Margin-free Fractionated Stereotactic Radiotherapy for Pediatric Brain Tumors.

2020 
BACKGROUND: Conventional radiotherapy (RT) to pediatric brain tumors exposes a large volume of normal brain to unwarranted radiation causing late toxicity. We hypothesized that in well demarcated pediatric tumors lacking microscopic extensions, fractionated stereotactic RT (SRT), without target volume expansions, can reduce high dose normal tissue irradiation without affecting local control. METHODS: Between 2008 and 2017, fifty-two pediatric patients with brain tumors were treated using the CyberKnife (CK) with SRT in 180-200 cGy/fraction. Thirty representative cases were retrospectively planned for intensity modulated RT (IMRT) with 4-mm PTV expansion. We calculated the volume of normal tissue within the high or intermediate dose region adjacent to the target. Plan quality and radiation dose-volume dosimetry parameters were compared between CK and IMRT plans. We also reported overall survival (OS), progression-free survival (PFS) and local control (LC). RESULTS: Tumors included low-grade gliomas (n=28), craniopharyngiomas (n=16) and ependymomas (n=8).
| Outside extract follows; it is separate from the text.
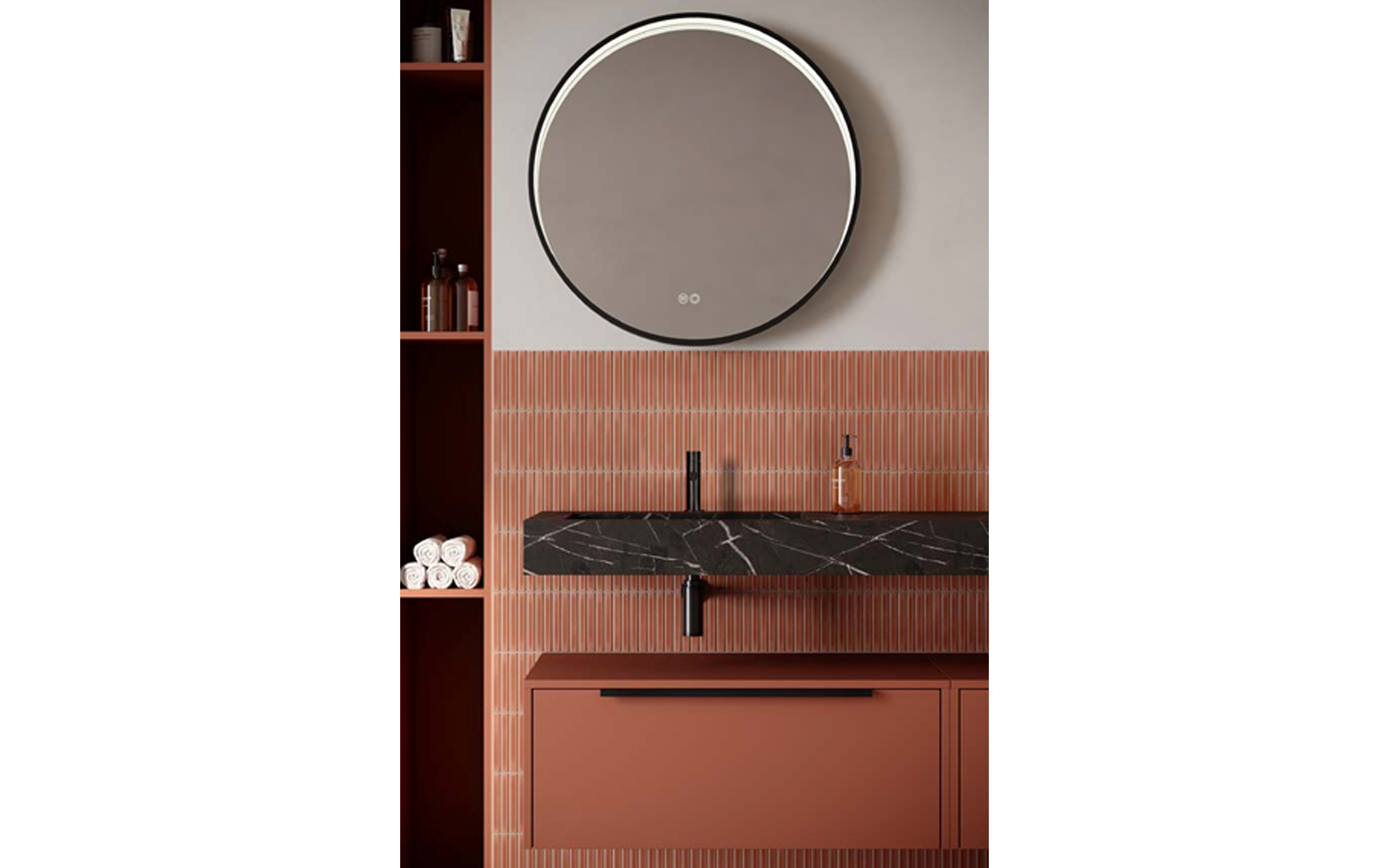 Oglinda rotundă cu iluminare LED, cu diametrul de 60 cm, completează armonios ansamblul și adaugă profunzime vizuală spațiului. Lumina uniformă contribuie la confortul utilizării zilnice, fiind ideală pentru activități precum machiajul sau îngrijirea personală, în timp ce forma circulară echilibrează liniile drepte ale mobilierului.

The volumes of normal tissue receiving high (≥80% of prescription dose or ≥40 Gy) or intermediate (80%>dose≥50% of the prescription dose or 40Gy>dose≥25Gy) dose were significantly smaller with CK vs. IMRT plans (p<0.0001 for all comparisons). With a median follow-up of 3.7 (range 0.1-9.0) years, 3-year LC was 92% for all patients. Eight failures occurred: one craniopharyngioma (marginal), two ependymomas (both in-field), and five low-grade gliomas (2 in-field, 1 marginal, and 2 distant). CONCLUSIONS: Fractionated SRT using CK without target volume expansion appears to reduce the volume of irradiated tissue without majorly compromising local control in pediatric demarcated brain tumors. These results are hypothesis-generating and should be tested and validated in prospective studies.